RL and Inverse RL based on MDPs for autonomous vehicles, and a nice historical review of the topic of a.v.

Changxi You, Jianbo Lu, Dimitar Filev, Panagiotis Tsiotras, Advanced planning for autonomous vehicles using reinforcement learning and deep inverse reinforcement learning, Robotics and Autonomous Systems, Volume 114, 2019, Pages 1-18 DOI: 10.1016/j.robot.2019.01.003.

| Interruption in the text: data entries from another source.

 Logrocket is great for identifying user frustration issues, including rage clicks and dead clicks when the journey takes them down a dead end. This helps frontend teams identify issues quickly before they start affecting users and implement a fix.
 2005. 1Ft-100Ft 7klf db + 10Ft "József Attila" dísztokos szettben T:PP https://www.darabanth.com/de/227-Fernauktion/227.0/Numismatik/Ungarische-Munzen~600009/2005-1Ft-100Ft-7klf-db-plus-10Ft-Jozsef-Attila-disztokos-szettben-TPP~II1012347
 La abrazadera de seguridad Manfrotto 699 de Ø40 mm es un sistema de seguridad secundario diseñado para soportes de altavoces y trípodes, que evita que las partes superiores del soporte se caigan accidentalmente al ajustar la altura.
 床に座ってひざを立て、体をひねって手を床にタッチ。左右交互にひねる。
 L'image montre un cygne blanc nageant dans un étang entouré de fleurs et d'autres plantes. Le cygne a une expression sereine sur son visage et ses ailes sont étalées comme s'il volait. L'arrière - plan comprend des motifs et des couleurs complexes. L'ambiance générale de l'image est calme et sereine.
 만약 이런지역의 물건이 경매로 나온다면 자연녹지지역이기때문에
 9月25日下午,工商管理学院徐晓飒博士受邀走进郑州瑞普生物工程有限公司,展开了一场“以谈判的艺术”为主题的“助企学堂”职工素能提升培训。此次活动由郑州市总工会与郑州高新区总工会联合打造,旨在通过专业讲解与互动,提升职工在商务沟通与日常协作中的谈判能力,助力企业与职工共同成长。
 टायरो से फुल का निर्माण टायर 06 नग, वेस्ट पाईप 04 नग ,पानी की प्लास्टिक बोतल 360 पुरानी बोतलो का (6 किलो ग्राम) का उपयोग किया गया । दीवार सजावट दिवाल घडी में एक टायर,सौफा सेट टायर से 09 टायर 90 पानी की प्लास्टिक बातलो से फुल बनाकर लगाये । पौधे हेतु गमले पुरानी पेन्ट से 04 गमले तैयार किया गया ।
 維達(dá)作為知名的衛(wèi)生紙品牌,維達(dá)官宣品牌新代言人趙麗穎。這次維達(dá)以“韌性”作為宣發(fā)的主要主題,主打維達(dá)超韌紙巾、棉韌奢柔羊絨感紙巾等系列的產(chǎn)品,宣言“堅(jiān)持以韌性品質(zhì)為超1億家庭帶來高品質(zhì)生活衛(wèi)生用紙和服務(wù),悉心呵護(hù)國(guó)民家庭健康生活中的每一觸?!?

Autonomous vehicles promise to improve traffic safety while, at the same time, increase fuel efficiency and reduce congestion. They represent the main trend in future intelligent transportation systems. This paper concentrates on the planning problem of autonomous vehicles in traffic. We model the interaction between the autonomous vehicle and the environment as a stochastic Markov decision process (MDP) and consider the driving style of an expert driver as the target to be learned. The road geometry is taken into consideration in the MDP model in order to incorporate more diverse driving styles. The desired, expert-like driving behavior of the autonomous vehicle is obtained as follows: First, we design the reward function of the corresponding MDP and determine the optimal driving strategy for the autonomous vehicle using reinforcement learning techniques. Second, we collect a number of demonstrations from an expert driver and learn the optimal driving strategy based on data using inverse reinforcement learning. The unknown reward function of the expert driver is approximated using a deep neural-network (DNN). We clarify and validate the application of the maximum entropy principle (MEP) to learn the DNN reward function, and provide the necessary derivations for using the maximum entropy principle to learn a parameterized feature (reward) function. Simulated results demonstrate the desired driving behaviors of an autonomous vehicle using both the reinforcement learning and inverse reinforcement learning techniques.